Si ces quatre lauréats se sont donc démarqués pour le caractère abouti de leurs pratiques, cela ne signifie toutefois pas que les entreprises présélectionnées, mais qui n’ont pas eu les faveurs du jury, ont échoué. Les Sustainability Awards visent à « recenser des pratiques » et à « les diffuser ». Ainsi, les sept autres pratiques non récompensées ont, elles aussi, valeur d’exemple (voir encadré), rappelle Nancy Thomas. Et l’idée est bien que « d’autres s’en emparent ».
Les autres pratiques sélectionnées aux Awards
AXA WEEK FOR GOOD – AXA ASSURANCES LUXEMBOURG Depuis 2010, AXA organise, chaque année, l’AXA Week for Good (AWFG). Une semaine entièrement consacrée à la RSE, lors de laquelle les collaborateurs d’AXA sont invités, sur base du volontariat, à se réunir pour aider leurs associations caritatives locales. En 2021, l’AWFG a réuni 148 collaborateurs sur 285.
WELLBEING – ING LUXEMBOURG ING a développé il y a 10 ans un programme de prévention du burn-out, en complément de son offre de formations liées à la santé et au bien-être de manière générale. Son nom : WellbeING. La démarche s’étoffe constamment, avec check-up, formations santé, clubs de sport et de bien-être, prévention burnout, managers formés au leadership sain…
FONDS SOCIAL LUXTRUST – LUXTRUST En 2021, LuxTrust crée son « fonds social », un compte bancaire spécialement dédié aux actions en faveur de l’économie circulaire et du soutien aux associations locales. Celui-ci est alimenté par deux actions : la revente de matériel informatique et de téléphonie de l’entreprise – qui bénéficie ainsi d’une seconde vie – et une tombola, organisée en interne.
EMERALD – ANDANDO L’Emerald Building est, sur la zone Benelux, le premier projet de construction certifié « zéro carbone », selon les critères de l’Ilfi. Aucune émission n’est donc produite, ni lors de la construction, ni par le bâtiment lui-même par la suite. Les bureaux seront alimentés par une énergie 100 % verte et de l’eau de pluie pour les « eaux grises ».
GT FLEET TOOLS MANAGEMENT – GENERAL TECHNIC BUILDING SOLUTIONS Depuis 2018, General Technic propose à ses clients et prospects du milieu de la construction et de l’artisanat un service de leasing opérationnel spécialement conçu pour la gestion de parcs machines.
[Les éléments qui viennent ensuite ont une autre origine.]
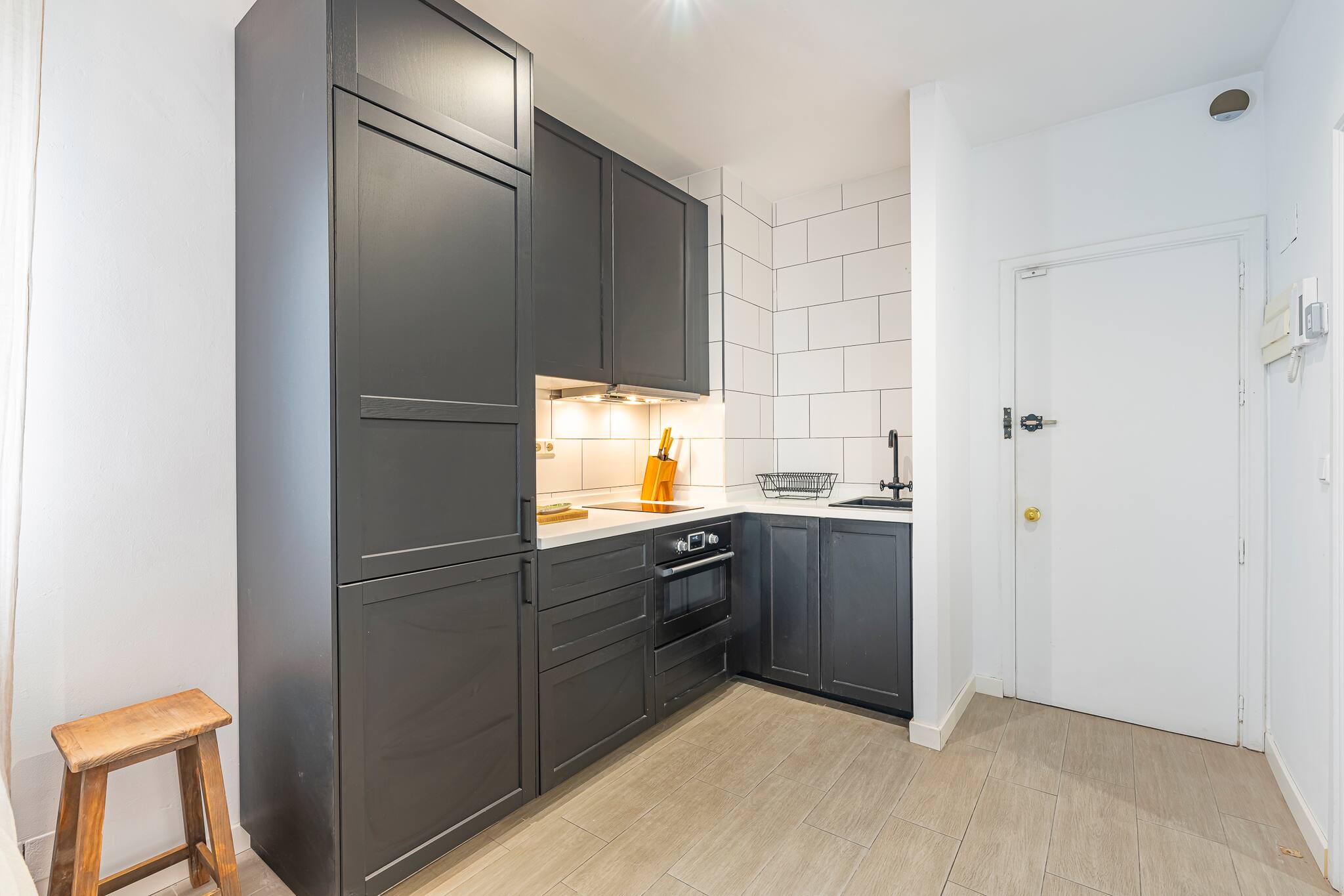 Upon entering the studio you will find a fully equipped kitchen with an oven, microwave, dishwasher, refrigerator and freezer, coffee machine, water heater, toaster and all the crockery to enjoy a delicious meal. It features a breakfast bar in light wood and a modern style in light tones.
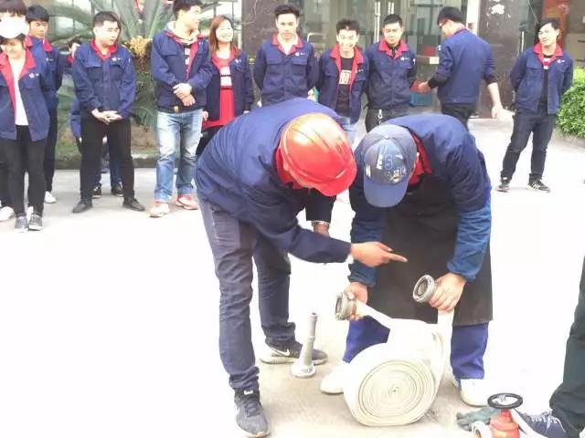 後(hòu),行政部現場組織企業人員開(kāi)展水帶駁接、幹粉滅火器使用演練。在演練中,行政科長(cháng)朱方劍先詳細講解了使用水帶駁接及幹粉滅火器滅火的正确姿勢及注意事(shì)項。各部門、車間員工積極踴躍的參加了演練實操中。

À la fin du contrat, General Technic reprend, reconditionne, reloue, voire recycle, les machines.
JARDIN COMMUNAUTAIRE MATGESFELD – COMMUNE DE SANEM Avec l’idée de sensibiliser les habitants de la ville au changement climatique et à la nécessité de changer nos habitudes de consommation (notamment manger local, saisonnier et bio), la commune de Sanem a développé un projet de jardin communautaire, avec 24 parcelles cultivables, dont 6 réservées pour les écoles.
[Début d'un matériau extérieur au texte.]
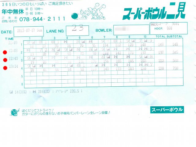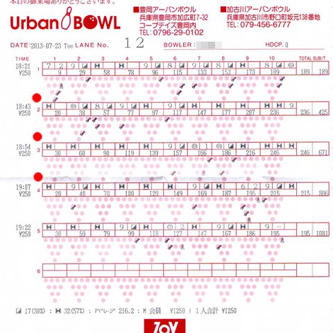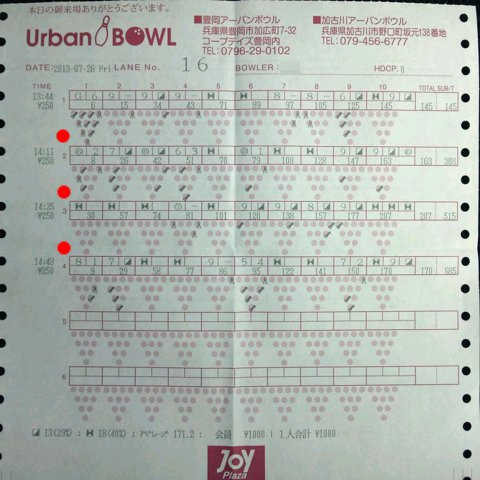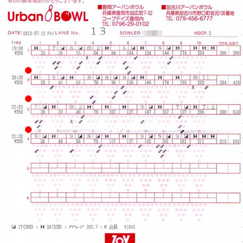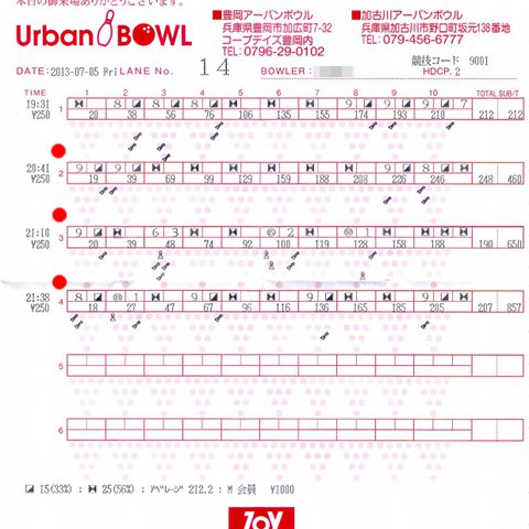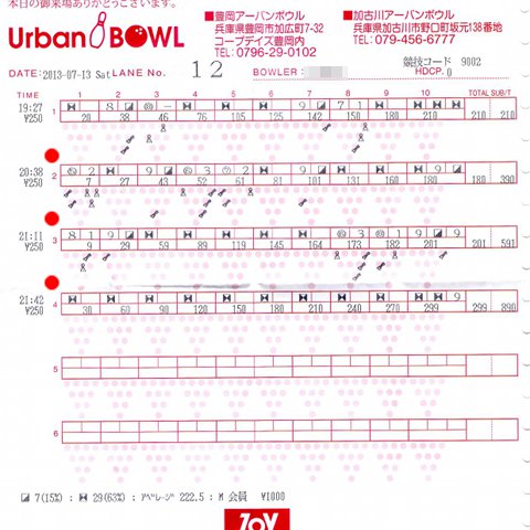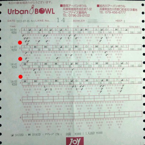 | 11 | しゅう | 680 | 0 | 146 | 0 | 0 | ハイゲーム2位、最大ローハイ差、セミパーフェクトx1、 殊勲3、敢闘2、プラス、ノーミスx1、連荘2 |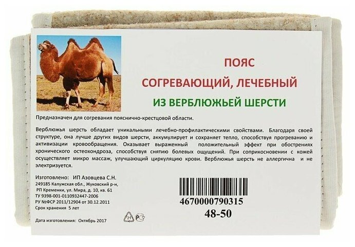 Пояс из верблюжьей шерсти круг 44-46, Azovmed

EIS SCHOUL, ENG NOHALTEG SCHOUL – ÉCOLE PRIVÉE FIELDGEN Le projet « Notre école, une école durable » organise des cours pédagogiques sur le développement durable, et, au niveau de la cantine, une meilleure gestion des déchets et un changement des menus et de la vaisselle, qui ont permis une réduction du gaspillage alimentaire, de l’utilisation du plastique et de l’empreinte CO2.